La saga God of War ayant pour thème la mythologie grecque, a débuté en 2005. On y suit les aventures de Kratos, un guerrier spartiate en quête de vengeance. Cette histoire bien contée s’accompagne d’un gameplay d’Action / Aventure de type Beat’em All mêlant de petites phases d’énigmes pas très complexes se résumant parfois simplement à des enclenchements de mécanismes, une dose d’exploration dans la recherche d’objets spécifiques, des combats très jouissifs, violents, funs et mémorables, ainsi qu’une progression du personnage via le renforcement des armes. Ce qui a fait la renommée de la franchise, c’est également en partie des combats de boss gigantesques et titanesques.

Les épisodes principaux de la série (le premier et second, troisième, Ascension) ont tous été développés par Santa Monica Studio, en revanche les autres titres de la franchise : God of War – Chains of Olympus (PSP), God of War – Ghost of Sparta (PSP) ou encore God of War – Betrayal (jeu mobile sorti uniquement en Amérique) n’ont pas été développés par le studio, même si Santa Monica a contribué au développement de ces différents titres. Pour ceux qui n’auraient pas encore franchi le pas, il peut être difficile de suivre le fil rouge, dans le sens où l’ordre de la timeline ne commence pas par le premier épisode mais par Ascension. Néanmoins pour comprendre le contexte, il est impératif de commencer par God of War premier du nom (le titre de 2005).

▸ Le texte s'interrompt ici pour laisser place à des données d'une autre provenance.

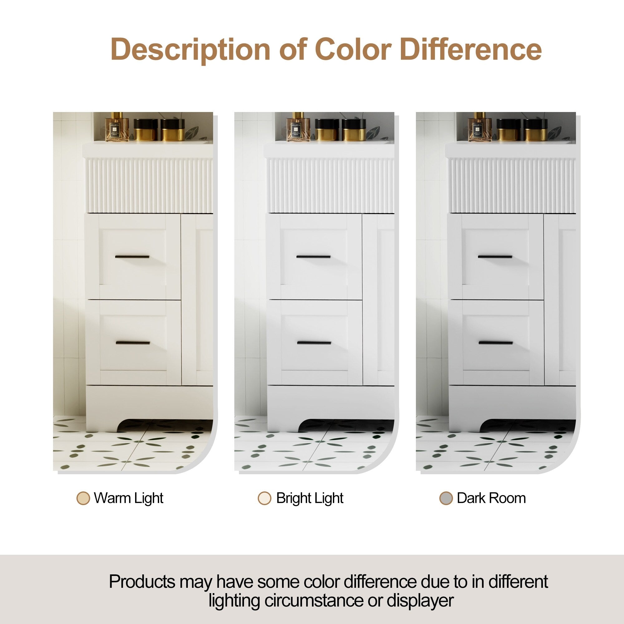 Upgrade your bathroom with this complete vanity set featuring eye-catching wavy line detailing. Available in 3 versatile sizes (30', 36', 48') and 3 on-trend colors (White, Green, Black), this freestanding vanity delivers contemporary style with exceptional storage. Premium wood construction ensures durability, while the included ceramic sink (30'/36') and lightweight SMC resin sink (48') offers easy maintenance.

Pour vous aider, nous vous donnons l’ordre de la timeline des titres parus en France, avec de légères indications sur le scénario. Attention donc aux risques de spoils :

God of War Ascension : Bien avant le premier épisode, Kratos, jeune spartiate est enchaîné et torturé pour avoir brisé son pacte avec le Dieu de la Guerre et de la Destruction.
God of War – Chains of Olympus : Quelques années avant les événements de God of War (2005), une narratrice nous conte l’une des missions que Kratos a réalisée au nom des Dieux de l’Olympe.
God of War (le premier épisode de 2005) : Le commencement de la licence avec les fondements du scénario. Kratos décide de se venger du Dieu qui l’a trahi, Arès.
God of War – Ghost of Sparta : Kratos est hanté par des cauchemars où il y aperçoit son frère Deimos ainsi que sa mère. Il cherche des réponses et part à leur recherche.
God of War II : Kratos, le simple mortel a été accueilli par les Dieux pour siéger avec eux sur l’Olympe en tant que nouveau Dieu. Mais une rancoeur est toujours présente en lui. Après avoir été trompé par Zeus en personne, Kratos songe à la vengeance.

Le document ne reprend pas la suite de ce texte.